From all of which, you can see that I do not believe that much good can be done in the way of teaching by mail, nor even by book. Nor can you, I hold, by reading an analysis of a short story or a novel, write one. You can no more do that than you can, after dissecting a human corpse, construct a man. True, you may, with some advantage read the things other men have done, but it does not therefore follow that you yourself can do them, even though you have the desire and the will. For instance, I am a very poor mechanic. To handle machinery is a thing distasteful to me. I might read twenty-four books on the method of adjusting a timer on an automobile, but, when my own timer gets out of order I am dumbfounded, nor will all my theoretical knowledge stand me in stead. My son, on the other hand, who has never read a book on the mechanism of an automobile, actually rejoices when the car stalls. The light of joy is in his eye and he leaps from the seat and goes to work with enthusiasm, pooh-poohing such things as I tell him from my corner in the car as the result of my reading. He is contemptuous of authority and is all for independent verification.
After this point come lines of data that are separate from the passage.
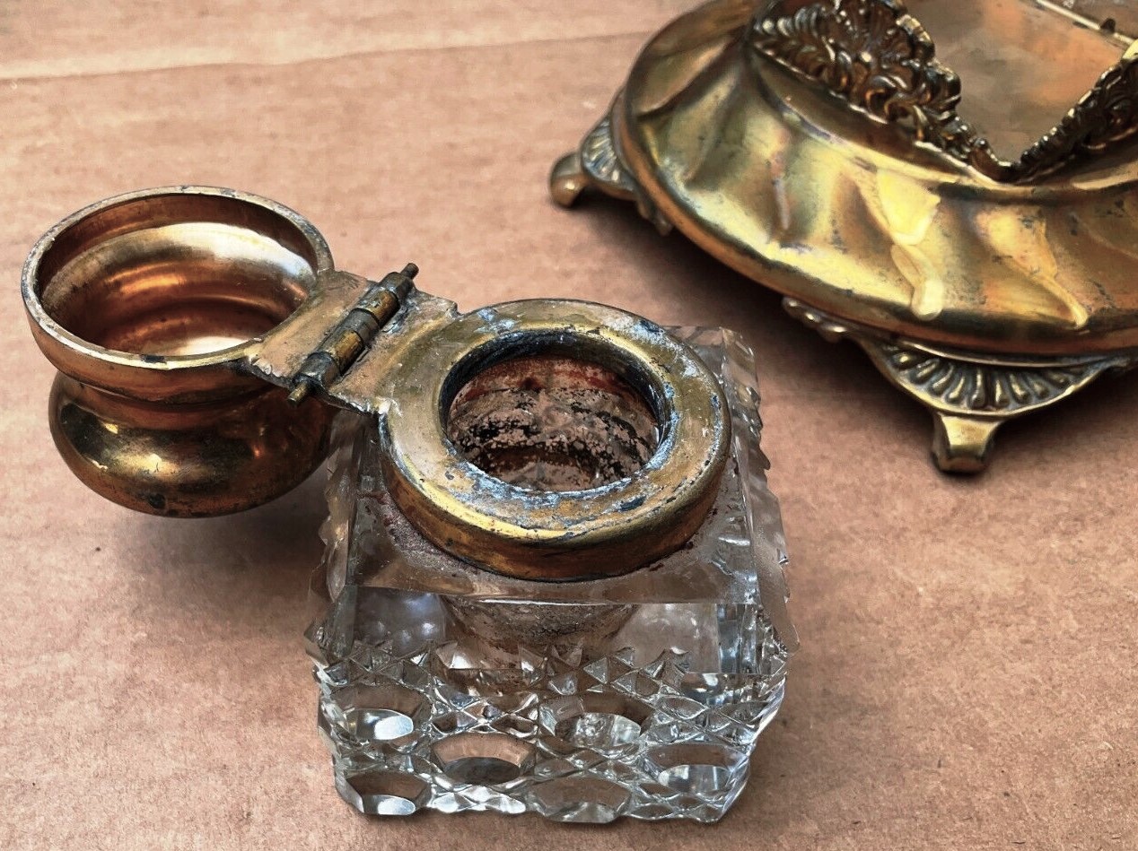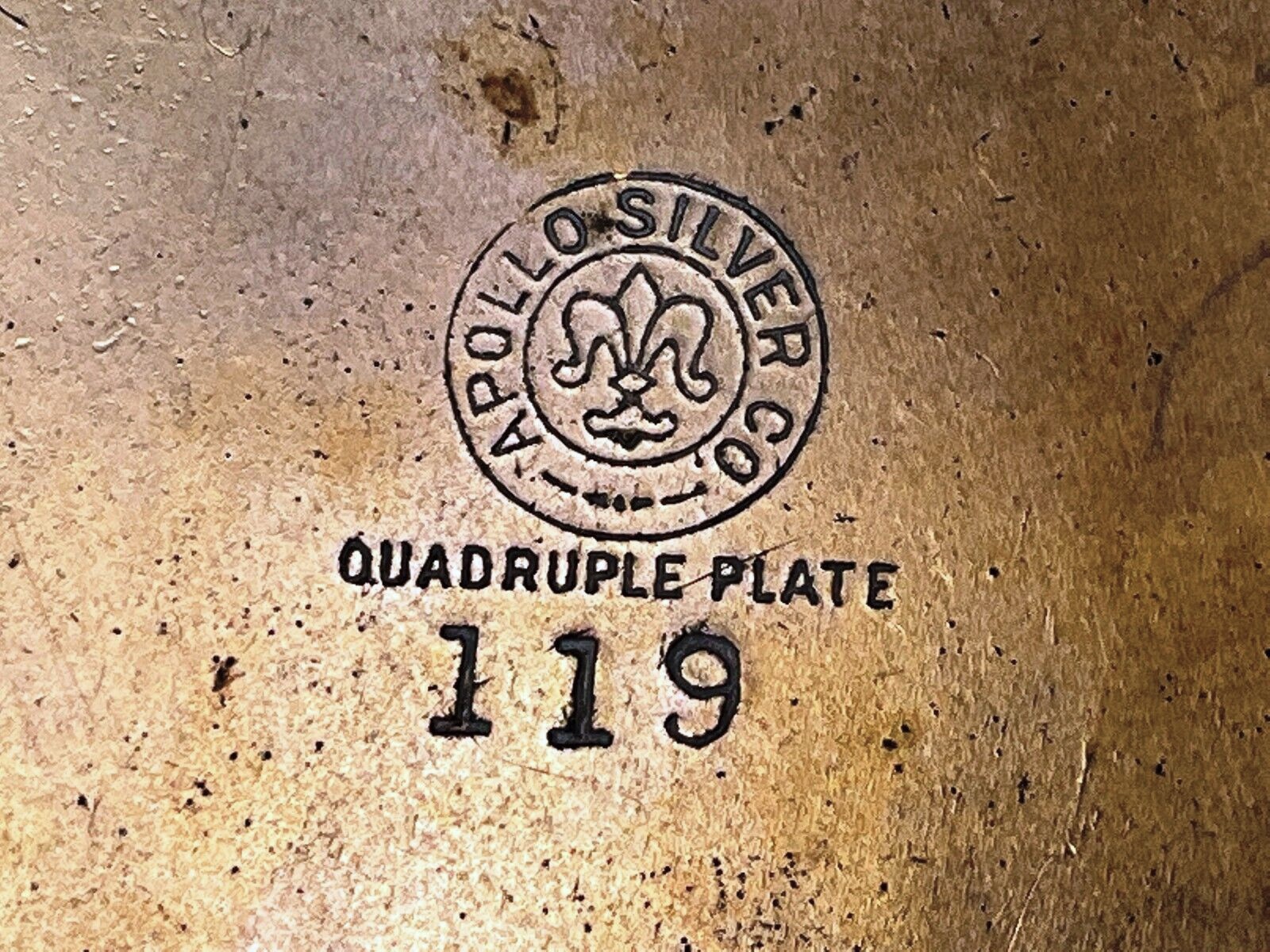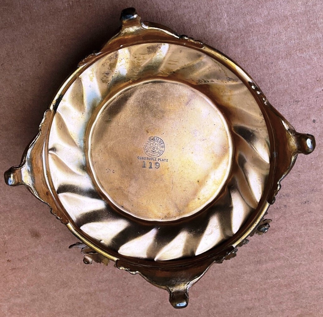 The underside of this inkstand is marked “Apollo Silver Co – Quadruple Plate – 119.” A glass inkwell with a hinged lid rests on a cast metal base. The pillow-type base with four legs has intricate leaf-like supports to hold the inkwell.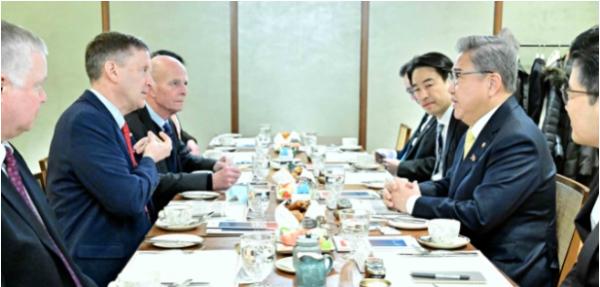 박진 외교장관은 1월 25일 방한 중인 Mark Green 윌슨센터 회장과 Stephen Biegun 전 미 국무부 부장관을 비롯한 미국 전직 의회, 행정부 및 학계 인사들을 접견하고, 한미동맹, 북한 문제, 인도-태평양 전략, 역내 정세 등에 대해 의견을 교환했다.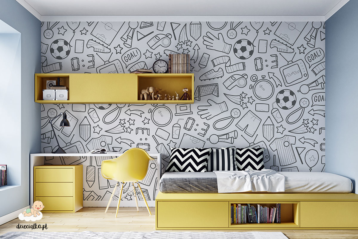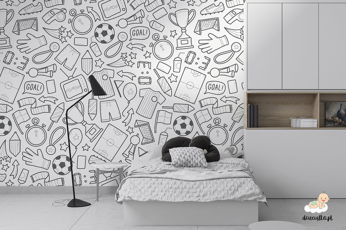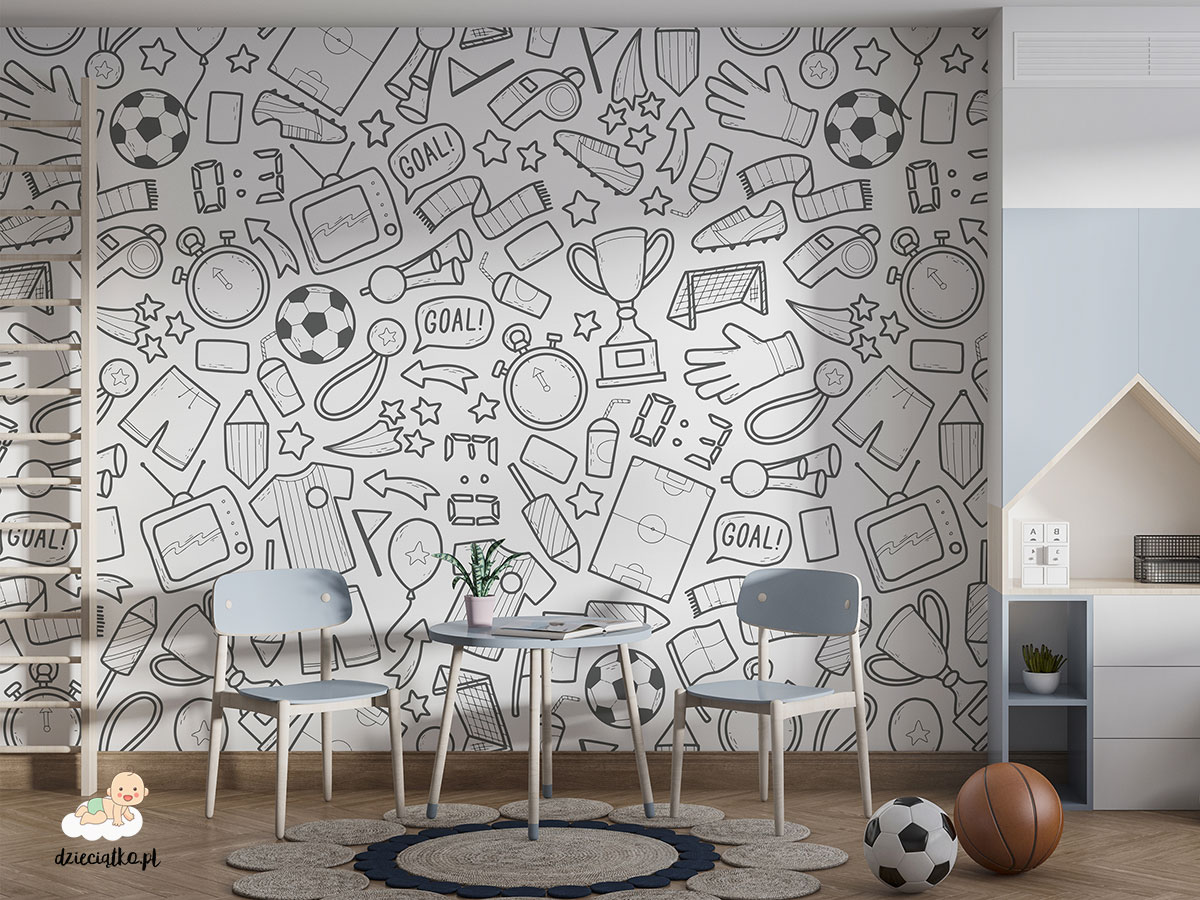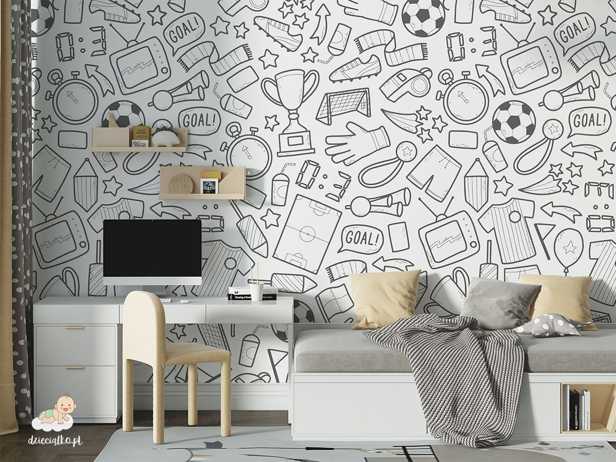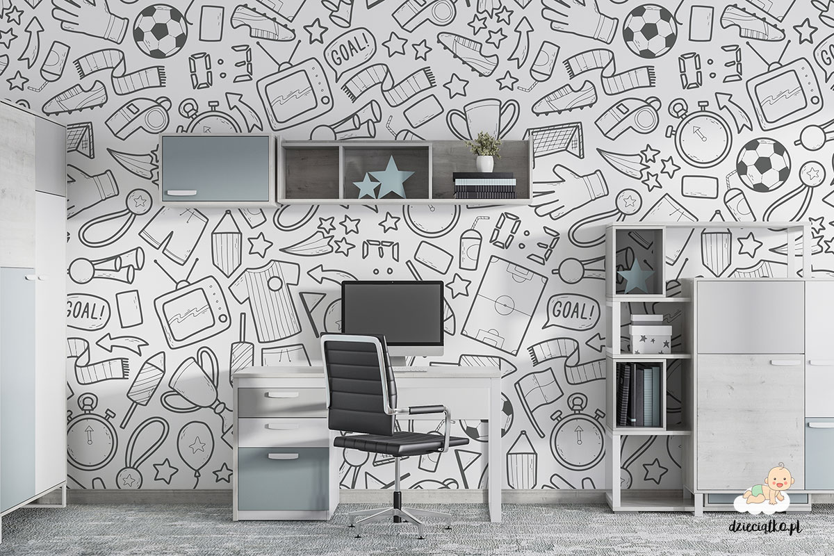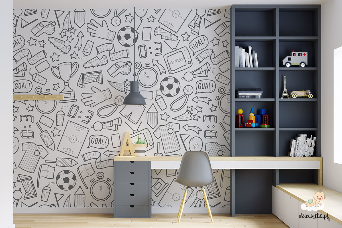 Wysokiej jakości fototapeta z unikatowym wzorem „Piłkarskie gadżety”, który znakomicie sprawdzi się w pokoju dziecięcym.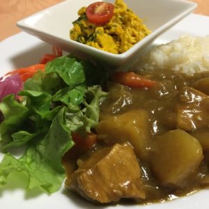チキンカレーライス、レタスとピクルスのサラダ、パンプキンサラダ。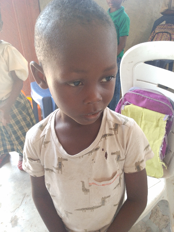 The scene depicts an indoor or semi-enclosed area in the city of Unknown, Unknown. In the foreground, a young child with dark skin and short, buzz-cut hair stands, facing mostly forward but looking slightly to their right (viewer's left) with a neutral expression. The child wears a light beige short-sleeved t-shirt patterned with crocodiles, which exhibits visible damage including a prominent hole near the right collarbone area and another below the right shoulder. In the mid-ground left, partially obscured, an individual wearing a light-colored top and a blue plaid skirt is seated on a blue plastic stool. Red footwear is visible on the concrete floor near this individual. To the right of the foreground child, a white plastic chair holds a purple and yellow backpack. Further back, behind the foreground child, a person wearing a green polo shirt and blue jeans is partially visible. The background includes a plain, light-colored wall and a segment of wooden paneling or a door on the far left. No direct interaction between subjects is evident.
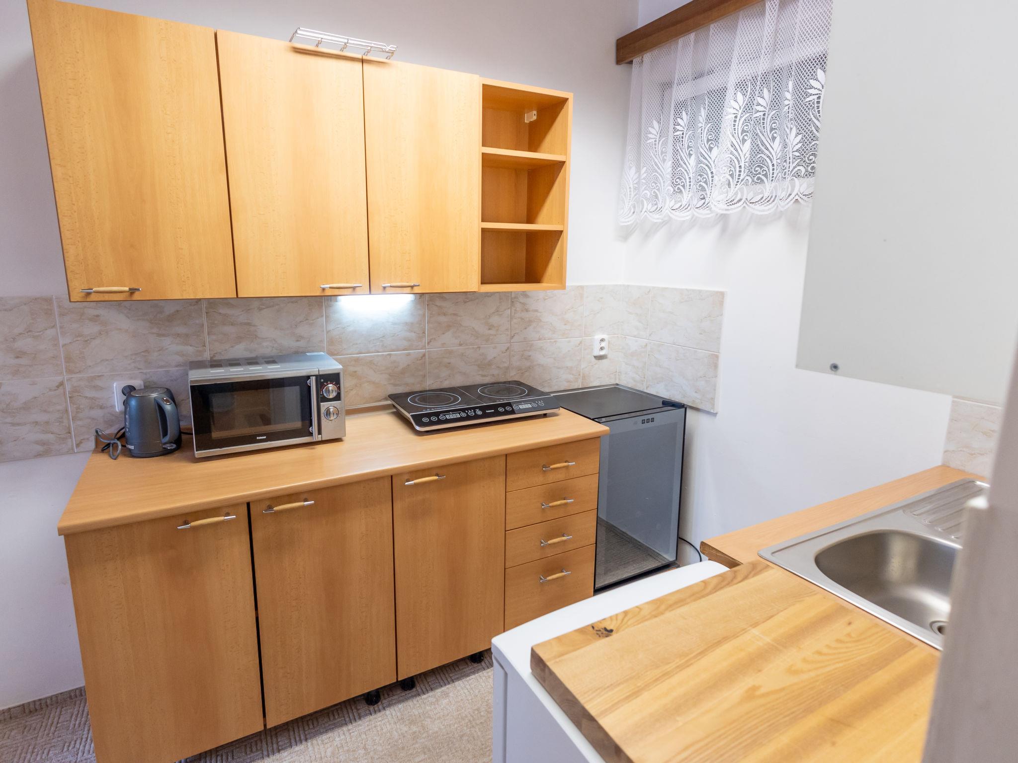 "Zimorský domek", 2-Zimmer-Haus auf 2 Stockwerken. Offenes Wohn-/Schlafzimmer mit 1 Doppelbett, Esstisch und TV. Kleine Küche (2 Kochplatten, Wasserkocher, Mikrowelle). Dusche/WC. Obergeschoss: Wohn-/Schlafzimmer mit 1 Doppelbett und TV. Kleine Küche (2 Kochplatten, Wasserkocher, Mikrowelle). Dusche/WC. E-Heizung. Zur Verfügung: Internet (WLAN). Geeignet für Familien.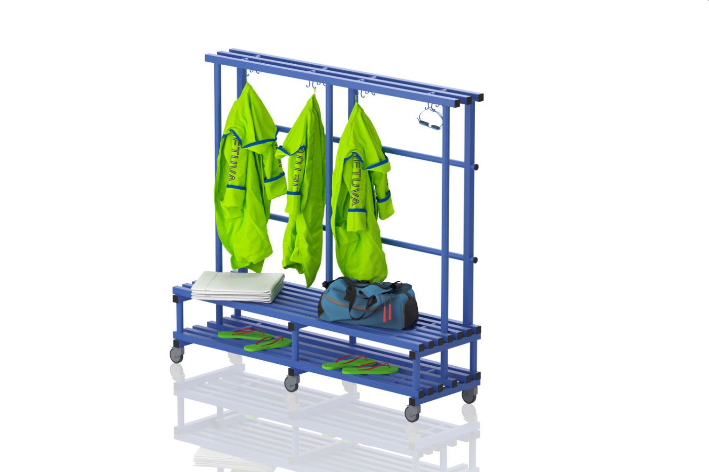 Оснащена 8 двойными вешалками, скамейкой с полкой снизу и верхней полкой.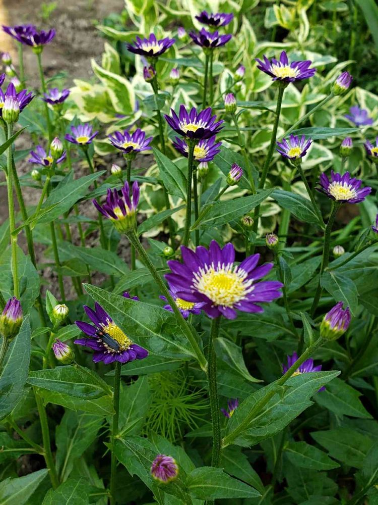 都忘れってよく聞く花の名前ですが、初めて目にします。マーガレットの紫みたいなお花なんですね。発色が綺麗。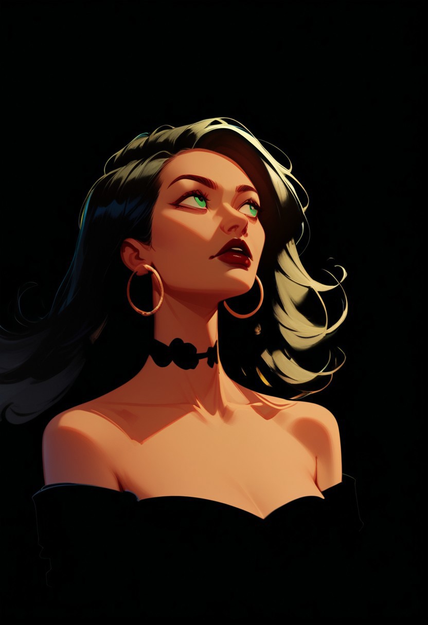 Blend_in, black background, score_9, score_8_up, score_7_up, masterpiece, best quality, absurdres, vibrant, highly detailed, (full front), upper body, 1girl, solo, 38 y.o gorgeous MILF, (green eyes:0.6), long black hair, open hair, hoop earrings, black satin choker, (tanned skin:0.6), matte red lipstick, strapless dress, off-shoulder dress, black elbow gloves, bare shoulders, collarbone looking away, looking to the right side, arms at sides, pitch black background, high contrasts, (light from right side:1.2)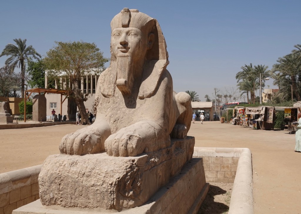 The Memphis sphinx is the second largest sphinx in Egypt, at about 80 tons if carved calcite, but no identifying cartouche remains on it to tell us whose face it is (i.r. Who it honours). Speculation based on its age is that it could be Hatshepsut, Amenhotep II or Amenhotep III.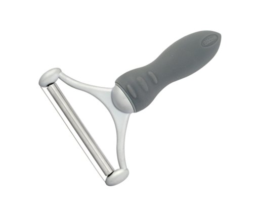 The KitchenArt Gel Grip Cheese Slicer features a patented ergonomic design, a soft silicone handle that fits any hand type. This unique utensil is dishwasher safe and comes in an elegant satin silver and gray finish.

Why then, in the face of all this, do I write this booklet? For, admittedly, I cannot teach you to write a short story although I have written dozens of them.

Here is the answer. If you have both the ability and the desire to write, I can tell you of some pitfalls to be avoided and can give you a hint or two. I can also give you the result of my own experience, and that is about all. It may result in something, and again it may not. Certainly during the past year, I have had the pleasure of seeing three young writers get their work in print as a result of some such advice as I propose to write here. But I shall not, I promise you, pad the book, nor copy out stories written by masters in the art, in the approved way of the correspondence schools and the “institutes.” That would sadly waste both your time and mine. So, to work.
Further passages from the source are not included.